Topics: Suggestions: Gross GDP to replace total production value?

Michael Servus Dei Defensor Fideique Populi

Thursday, October 29, 2015 - 04:04 pm Click here to edit this post
Hi, it seems that gross GDP would be a better indicator of an economy than 'total production value', which ignores the contribution by education, government and public healthcare to the economy, in addition to its ambiguity in several terms. For instance, I don't know whether 'high tech service' also contributes to 'service', and some high tech corps are in fact industrial. Clearer definitions are needed - this helps me plan for my country based on real economics theories.

Thanks!

Aries

Thursday, October 29, 2015 - 09:16 pm Click here to edit this post
I can help a bit with this. Contributions to production from education, healthcare, and such are largely folded into corporation production. For example, in offering education, textbooks (books and newspapers) and high tech services are used by these institutions as a part of their cost. Healthcare consumes medical equipment, medical materials, and pharmaceutical products. If you run these types of corps, you contribute towards the "production" of these services.
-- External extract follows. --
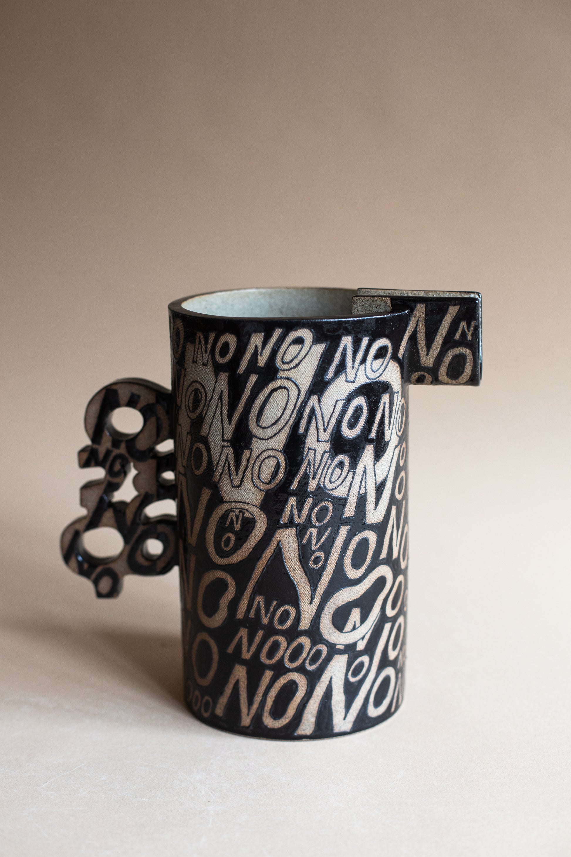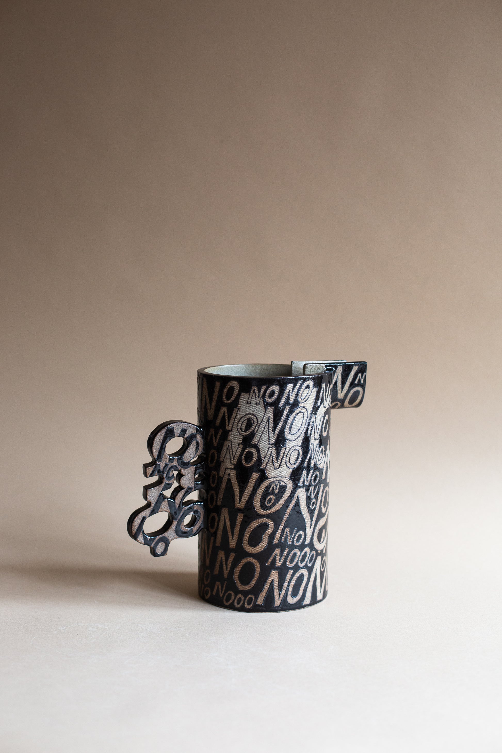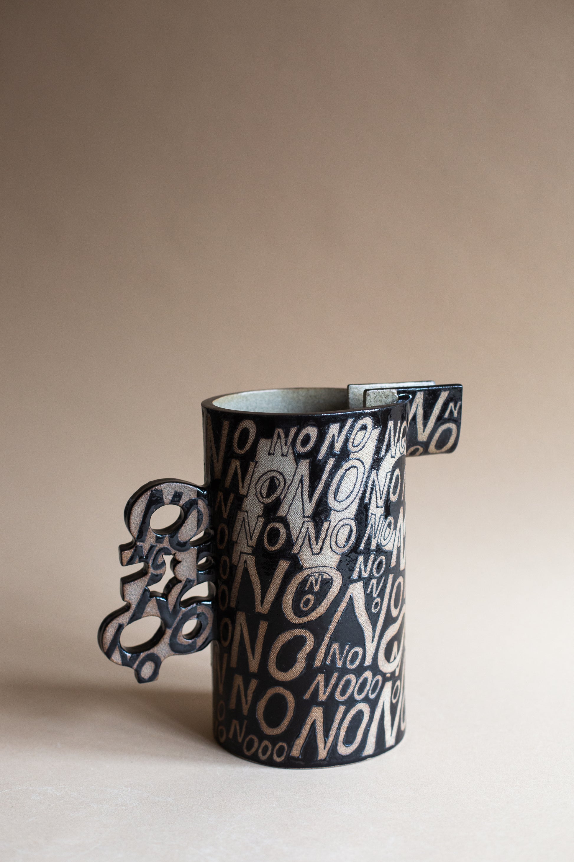 The Maybe Jug was born after bringing to life the yes, no, and maybe vessels. I knew that the Maybe jug wanted to exist in form. This piece features a cacophony of NO's on one side, and a tapestry of YES's on the other. I hand-painted these words as I was navigating my own struggles (and joys) in understanding when I wanted to say No versus when I wanted to say Yes. I realised that I didn't always know when or how to say either. This piece is a visual and sculptural exploration of our own relationship to openness, resistance, self-trust, and choice.

For locating which corps are part of which groups, simply visit "my empire" and then "products overview". The product groups are defined there. The only oddly missing category in country production is "Space". A suggestion to add that is welcome.

For my annual GDP, I have often simply multiplied my Total Production by 12. The annual GDP of my LU main exceeds $20 Trillion and may be the game's largest.

Michael Servus Dei Defensor Fideique Populi

Friday, October 30, 2015 - 07:53 am Click here to edit this post
Wow that's an impressing LOT of GDP! I only have around 3 trillion annual GDP (simply multiplying total production by 12). How did you do that?